FRANK BLACK: This is a great example of Keith Richards’ guitar playing and the way he always introduced tracks with really catchy chords. Twenty seconds into the song and bang, you’re hooked! I also really like the way Jagger mixed comedy and venom in lines like “The sunshine bores the daylights out of me.”
PHILL JUPITUS: After “Safe European Home” on The Clash’s Give ’Em Enough Rope, the greatest opening track to an album in my collection. I always preferred Jagger’s vocals slightly on the back foot. It’s almost as if when he was belting them out you could hear the prancing. It’s one of those tracks you find yourself turning up with the onset of each chorus. The horn refrain cuts into your head with each blast. The thing about Exile is the layering of the sounds is so delicately interwoven. You can pick out everybody’s parts, it’s a nice, spacey album.

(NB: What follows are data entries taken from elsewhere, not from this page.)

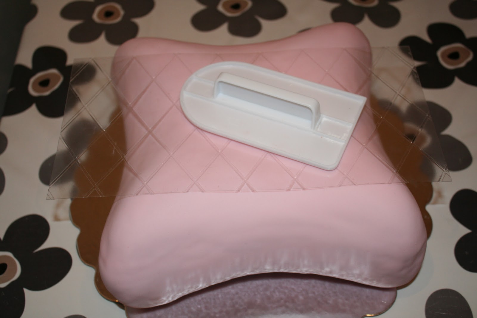 Så mønsteret. Jeg bruker her disse diamant mønster mattene som man kan bl.a. få kjøpt på www.kakeboksen.no. Mere om bruk av disse finner du her. Legg matten oppå og klem ned med en smoother
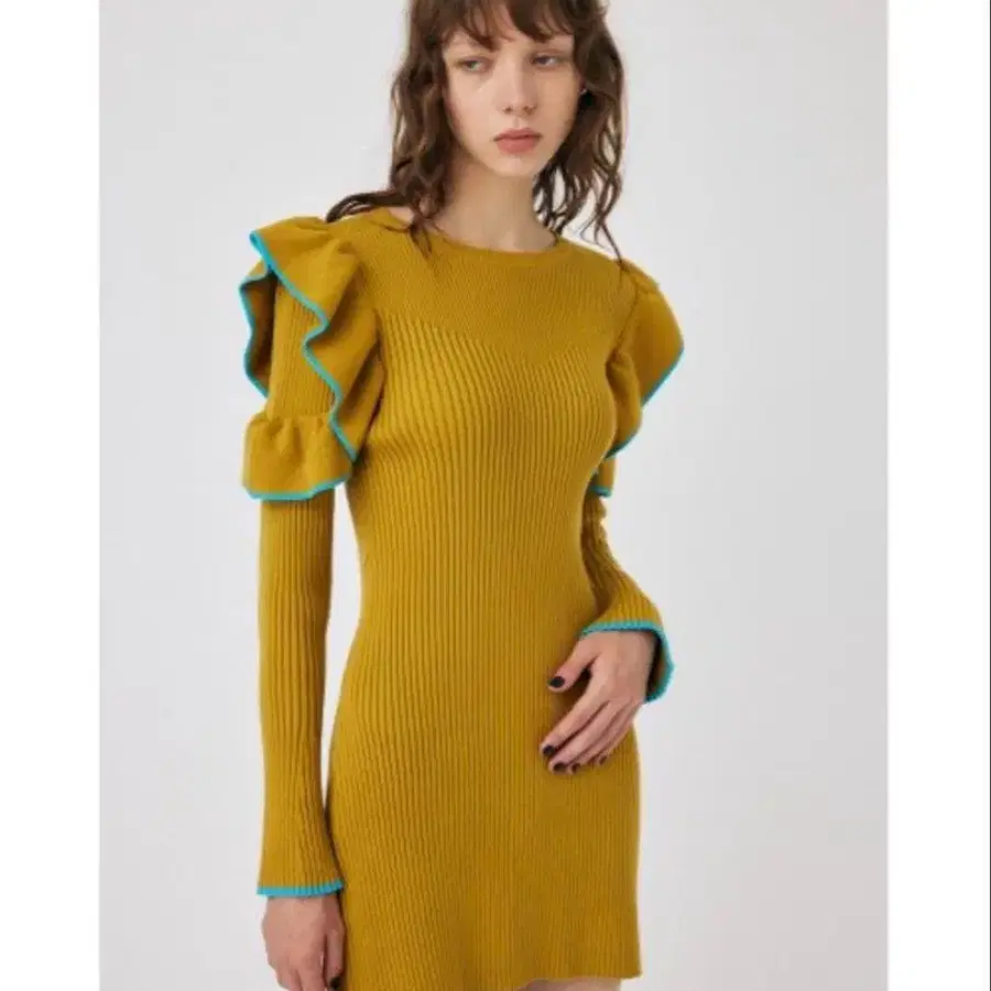프릴이 달린 머스타드 색상의 리브 니트 원피스, 긴팔과 타이트한 실루엣이 특징입니다. - 브랜드: MOUSSY - 색상: 머스타드 - 디자인: 프릴 장식, 리브 편직 - 소매 길이: 긴팔 - 스타일: 타이트 핏 방문해 주셔서 감사합니다.
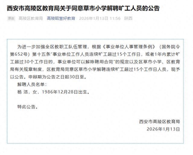 1月13日,据西安市高陵区教育局官方账号“高陵昭慧好教育”,一小学职工连续旷工超15日被解聘:
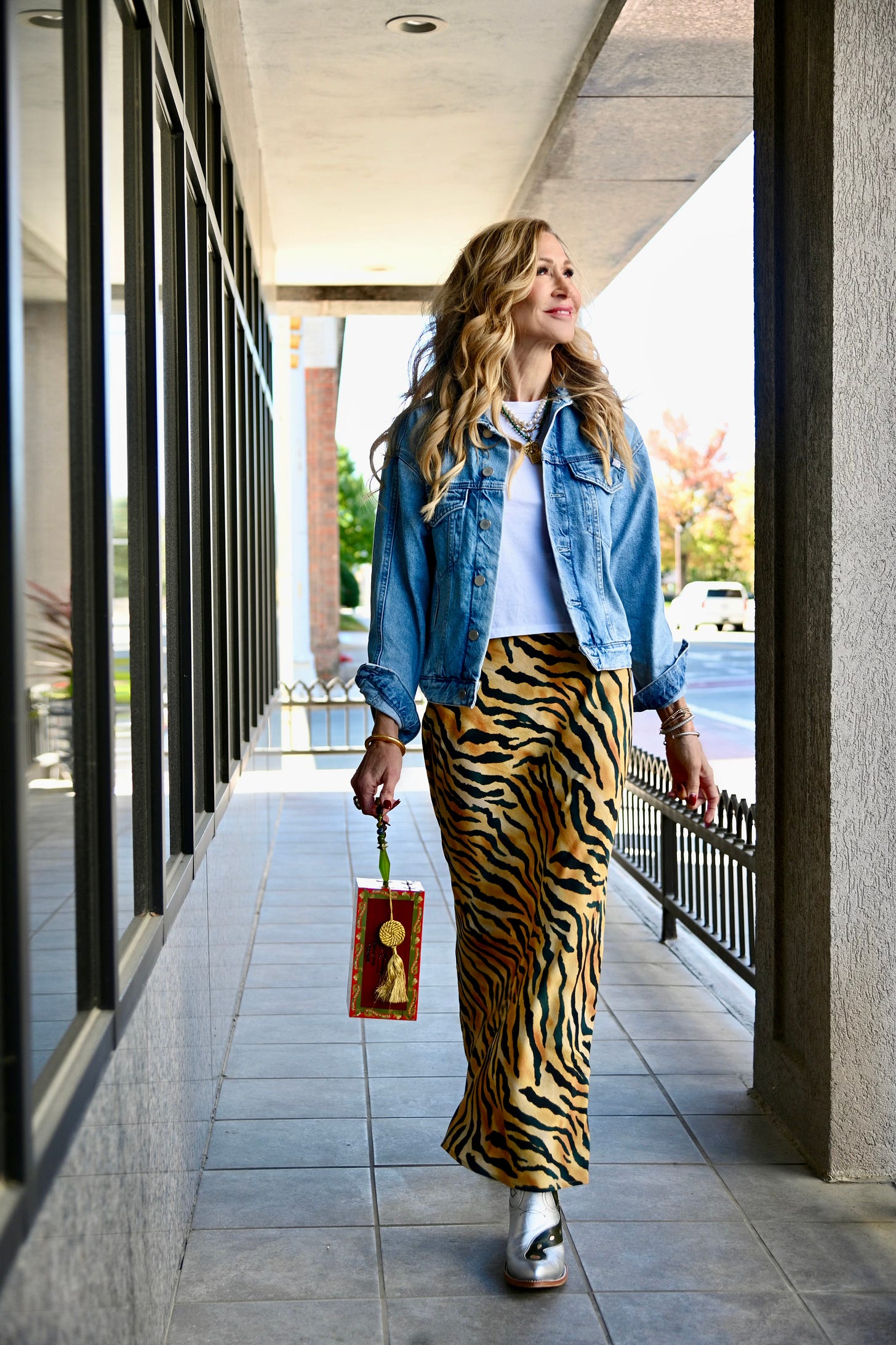 I kept things simple on the top with a short sleeve white tee and a cropped denim jacket letting the skirt and boots stand out. My necklaces are a strand of pearls layered with a green beaded malachite necklace from Hart which pulls the green from the boots upward. The vintage cigar bag somehow just works and compliments the skirt…not sure which makes a stronger statement. The gold tassel and red and green i handle (a slightly different of green, but close enough) add to the mix and feel right.
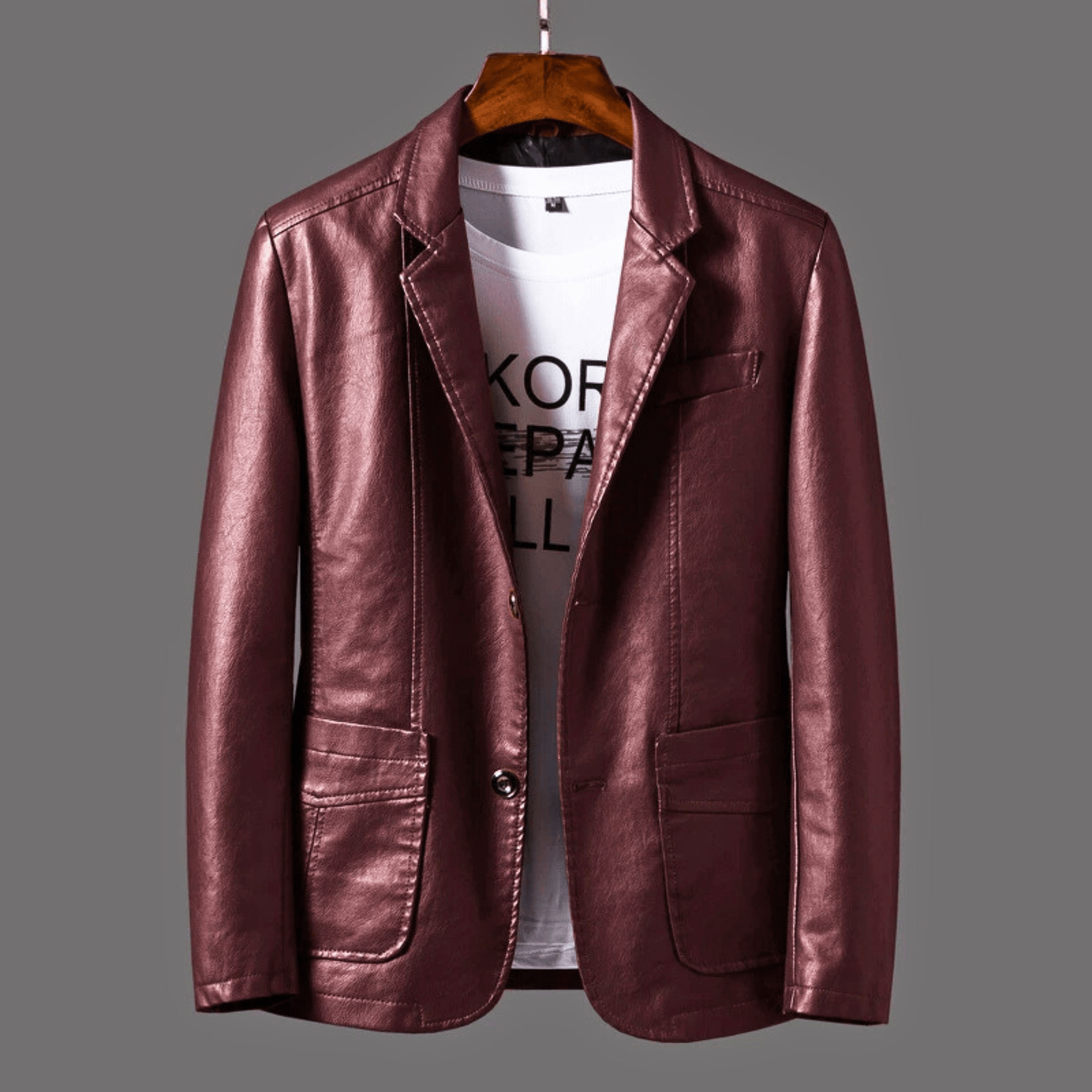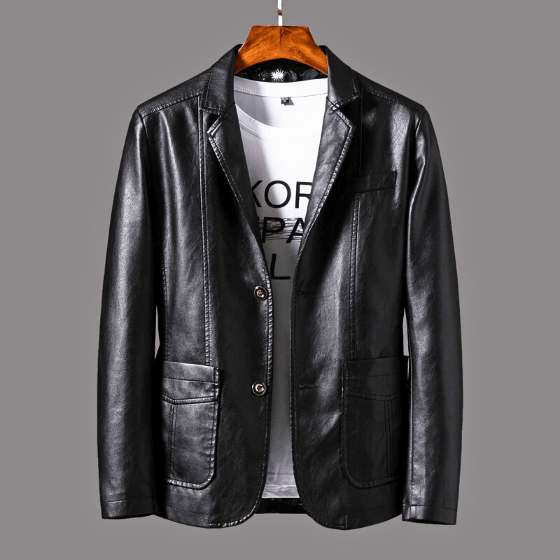Crafted from supple vegan leather, boasting a rich texture and a sleek, streamlined silhouette for a timeless look. With its tailored fit and rugged yet refined design, this versatile piece is your go-to outerwear for any season.
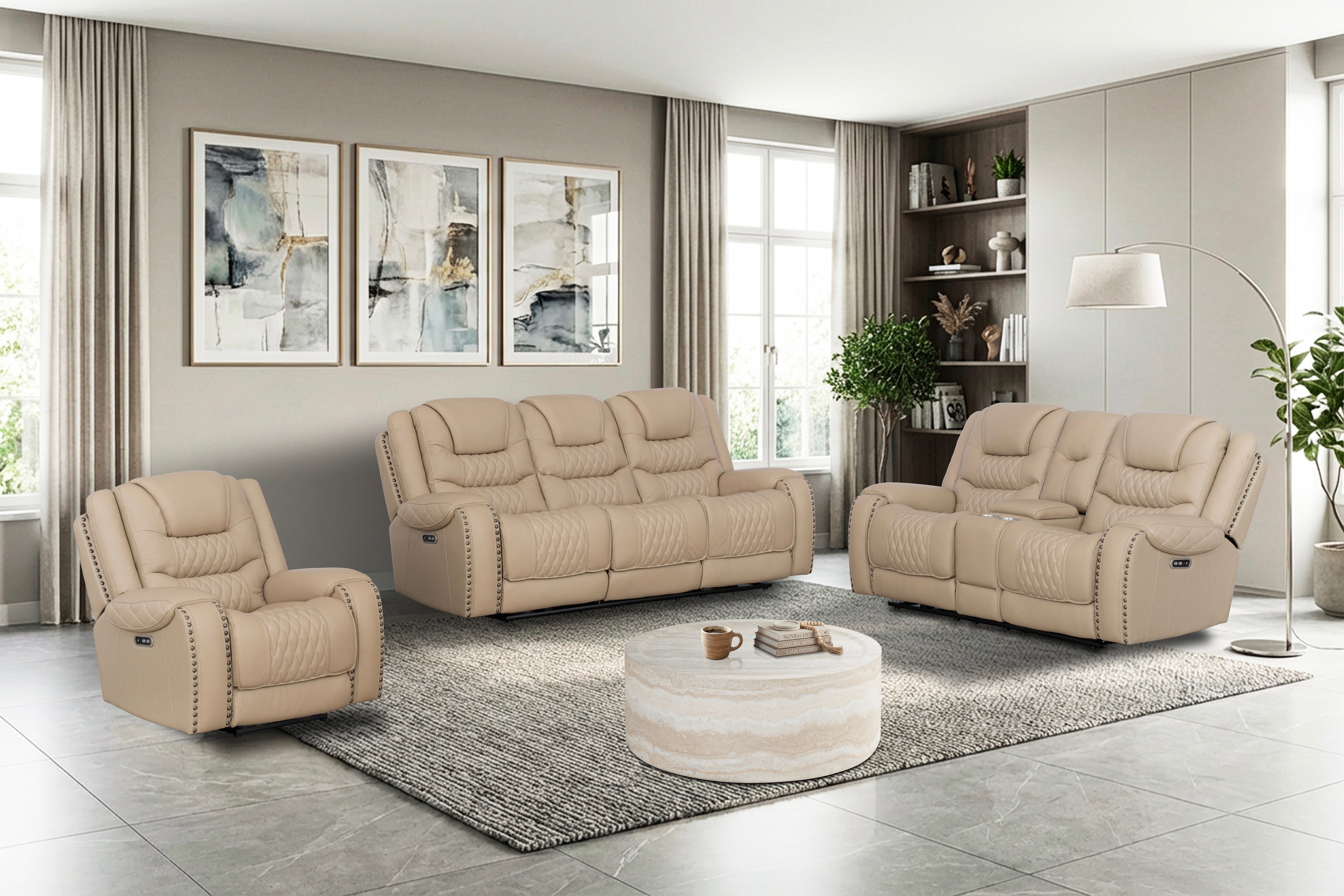This 3-piece set includes a dual power reclining sofa, a dual power reclining loveseat with console, and a dual power reclining chair.
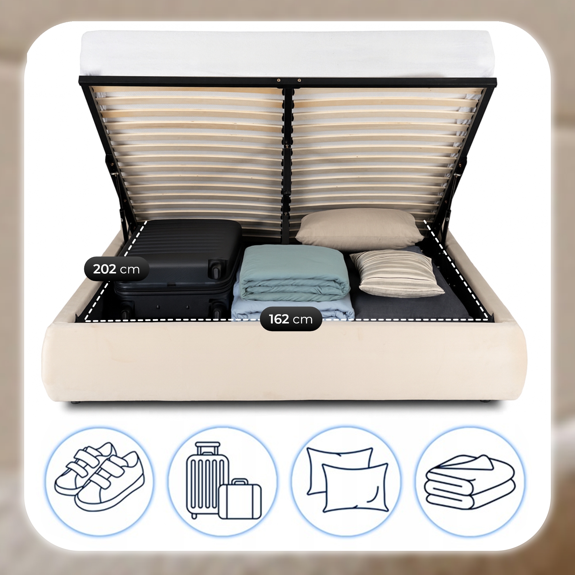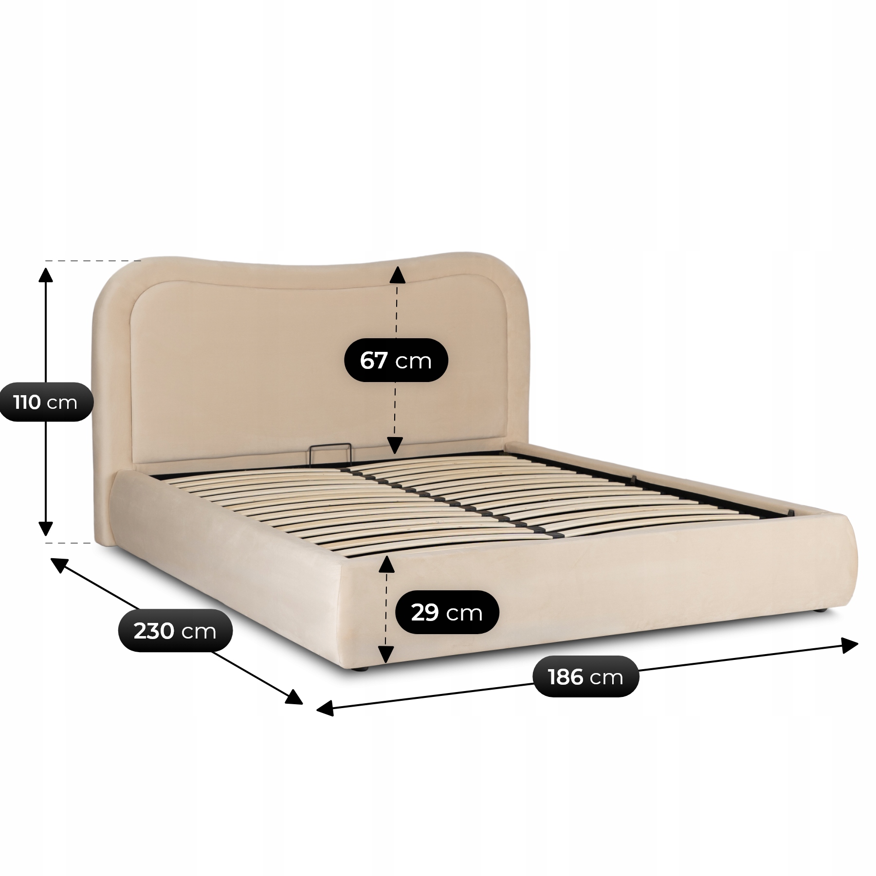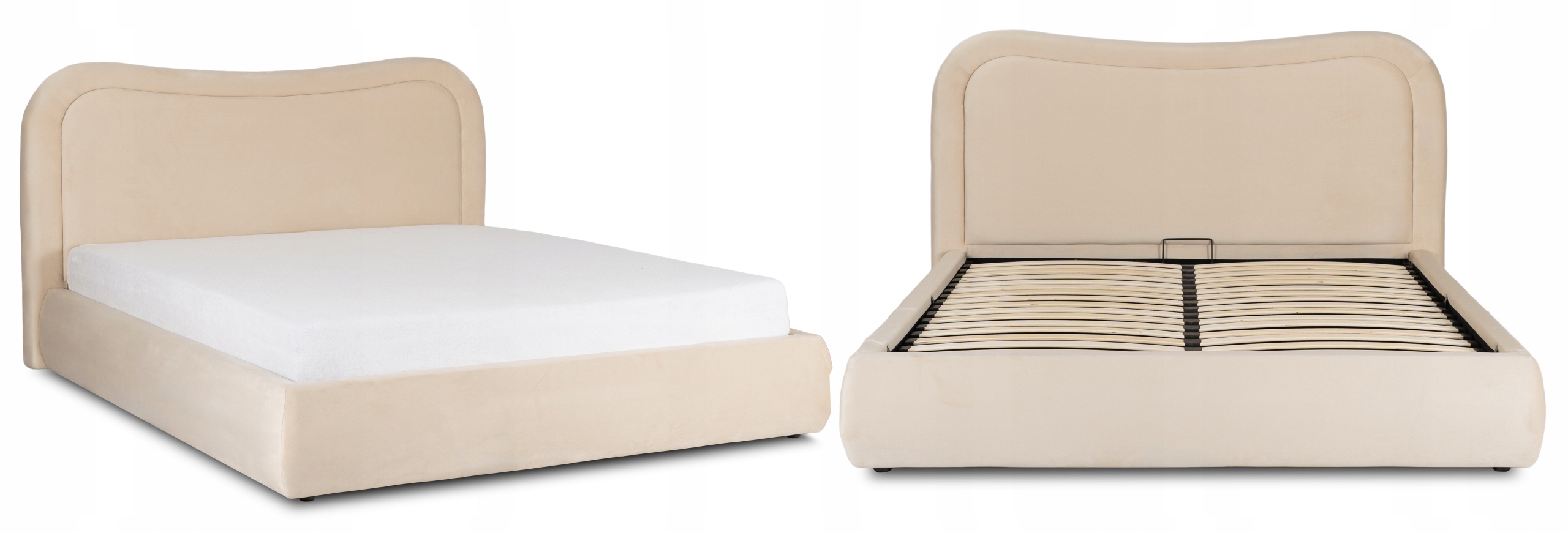 Zachwyca kremowym kolorem i miękką welurową tapicerką, która wprowadza do wnętrza elegancję i przytulność. Zaokrąglony zagłówek o subtelnej linii dodaje lekkości, a pojemny schowek na pościel z solidnymi podnośnikami łączy styl z funkcjonalnością. To idealne łóżko dla tych, którzy cenią komfort, design i nowoczesny charakter sypialni.
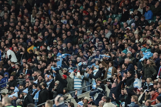 Argentina fans sing and dance late in the game as they make a comeback during the Quilter Nations Series 2025 match England vs Argentina at Allianz Stadium, Twickenham, United Kingdom, 23rd November 2025, Credit:Mark Cosgrove/News Images / Avalon
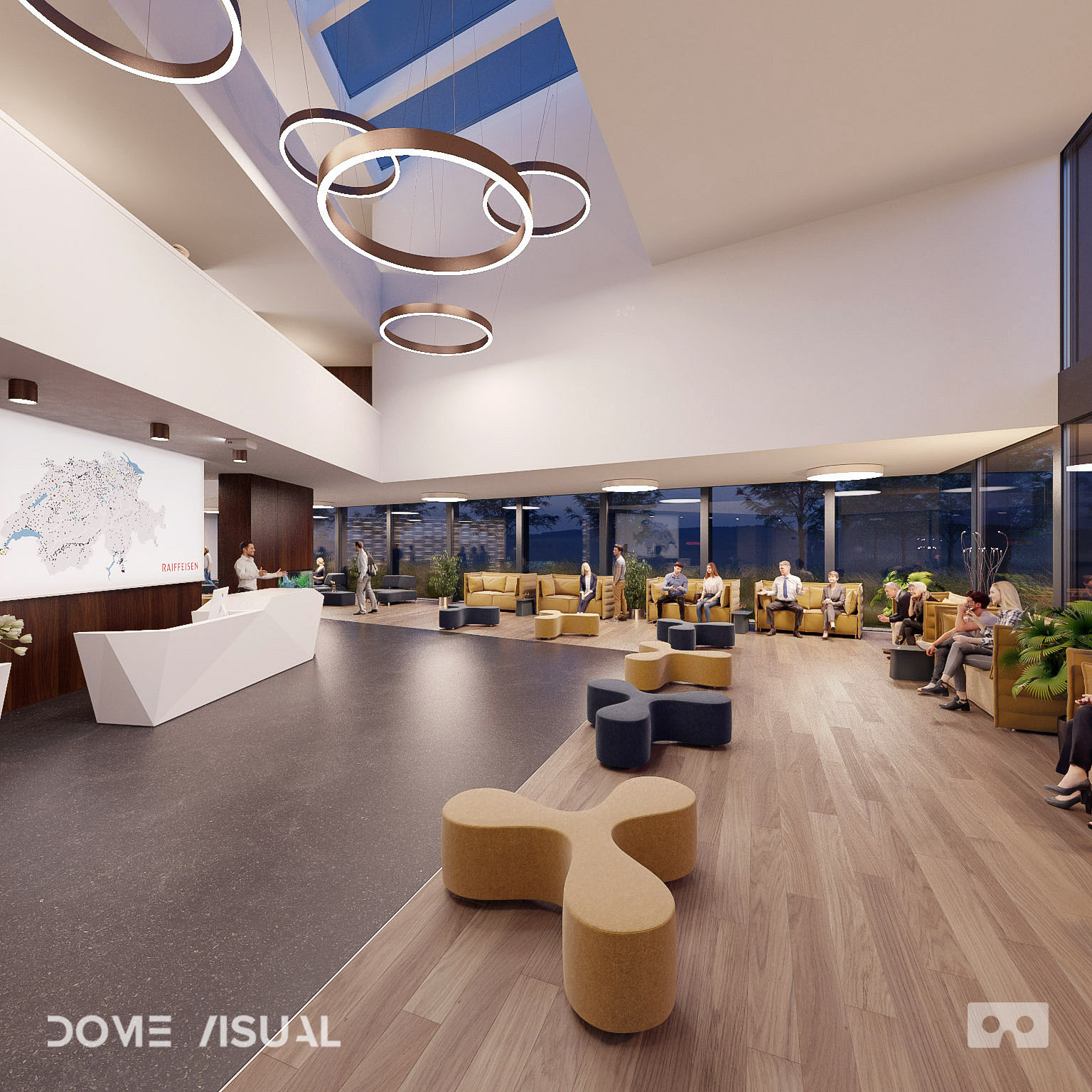 Raiffeisenbank ha pensato a come potrebbe essere la banca fisica tra dieci o vent'anni. Per poterne discutere, l'agenzia Dome Visual ha virtualizzato una banca futura e immaginaria insieme a Raiffeisenbank.
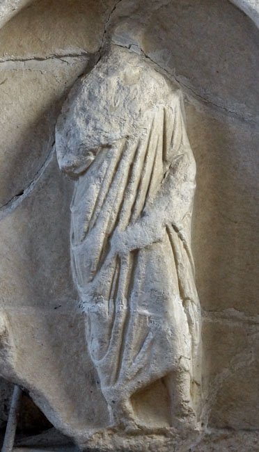 - In Bogennische stehender Mann im Mantel, in der Linken Rolle (volumen ?), links Rest einer Knabenfigur (Diener).

TERRY MILES: My best friend and I were comparing the sonic brilliance of Jethro Tull’s Aqualung to Deep Purple’s Book Of Taliesyn late one stormy winter’s night (just after losing a healthy bout with our first bottle of Canadian whiskey) when our new friend Nico arrived. He ‘rolled one up’ and put on Exile On Main Street. That sound just changed everything. It was raw, murky and funky (but only in that good way). It kicked my ass. Nico was also responsible for turning us on to Dylan. I think he teaches grade school now. I put “Rocks Off” first because that’s the first track on the greatest Stones album ever. Thank you, Nico!